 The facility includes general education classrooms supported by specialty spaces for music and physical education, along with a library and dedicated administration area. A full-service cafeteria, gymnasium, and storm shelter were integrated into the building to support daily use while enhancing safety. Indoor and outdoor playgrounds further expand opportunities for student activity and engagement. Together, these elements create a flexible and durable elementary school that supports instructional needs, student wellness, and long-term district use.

=====

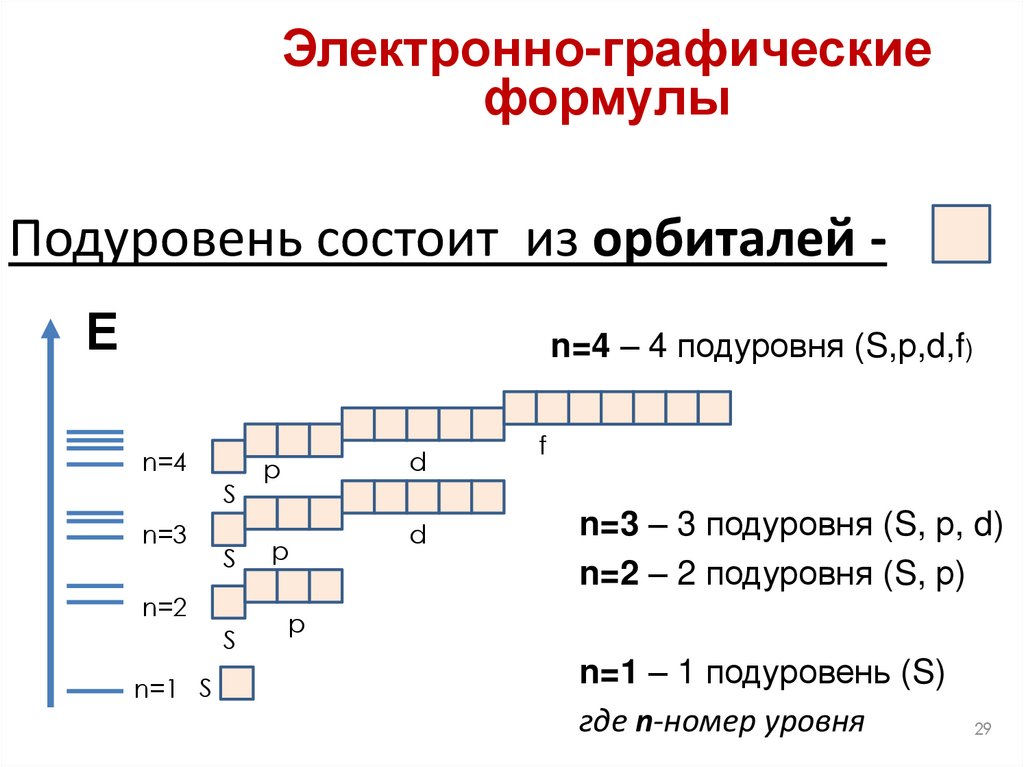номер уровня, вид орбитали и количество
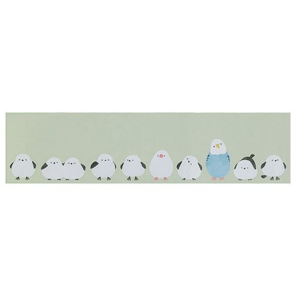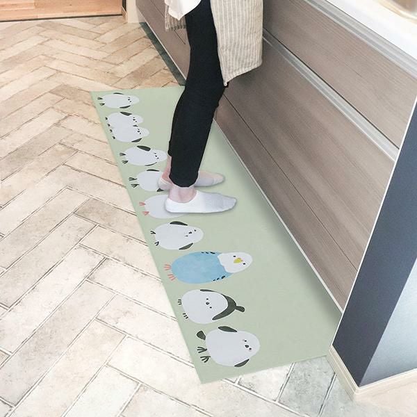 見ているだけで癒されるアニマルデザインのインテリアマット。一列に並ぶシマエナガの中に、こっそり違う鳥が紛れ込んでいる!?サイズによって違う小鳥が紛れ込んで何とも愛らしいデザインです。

=====

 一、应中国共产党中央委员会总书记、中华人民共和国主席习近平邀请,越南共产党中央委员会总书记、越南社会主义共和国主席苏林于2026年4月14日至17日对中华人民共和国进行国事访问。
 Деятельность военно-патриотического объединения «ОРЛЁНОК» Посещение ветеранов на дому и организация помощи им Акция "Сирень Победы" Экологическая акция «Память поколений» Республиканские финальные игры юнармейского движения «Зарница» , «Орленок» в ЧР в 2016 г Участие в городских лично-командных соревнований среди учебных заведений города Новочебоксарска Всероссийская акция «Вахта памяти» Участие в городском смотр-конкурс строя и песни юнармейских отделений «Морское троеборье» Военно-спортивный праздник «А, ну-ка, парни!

=====

● WHAT TO PRODUCE
Repeat, exactly as they stand above, the lines from the line with "一、应中国共产党中央委员会总" to the line with "Деятельность военно-патриотического объединения", both lines included.

● RESULT
 一、应中国共产党中央委员会总书记、中华人民共和国主席习近平邀请,越南共产党中央委员会总书记、越南社会主义共和国主席苏林于2026年4月14日至17日对中华人民共和国进行国事访问。
 Деятельность военно-патриотического объединения «ОРЛЁНОК» Посещение ветеранов на дому и организация помощи им Акция "Сирень Победы" Экологическая акция «Память поколений» Республиканские финальные игры юнармейского движения «Зарница» , «Орленок» в ЧР в 2016 г Участие в городских лично-командных соревнований среди учебных заведений города Новочебоксарска Всероссийская акция «Вахта памяти» Участие в городском смотр-конкурс строя и песни юнармейских отделений «Морское троеборье» Военно-спортивный праздник «А, ну-ка, парни!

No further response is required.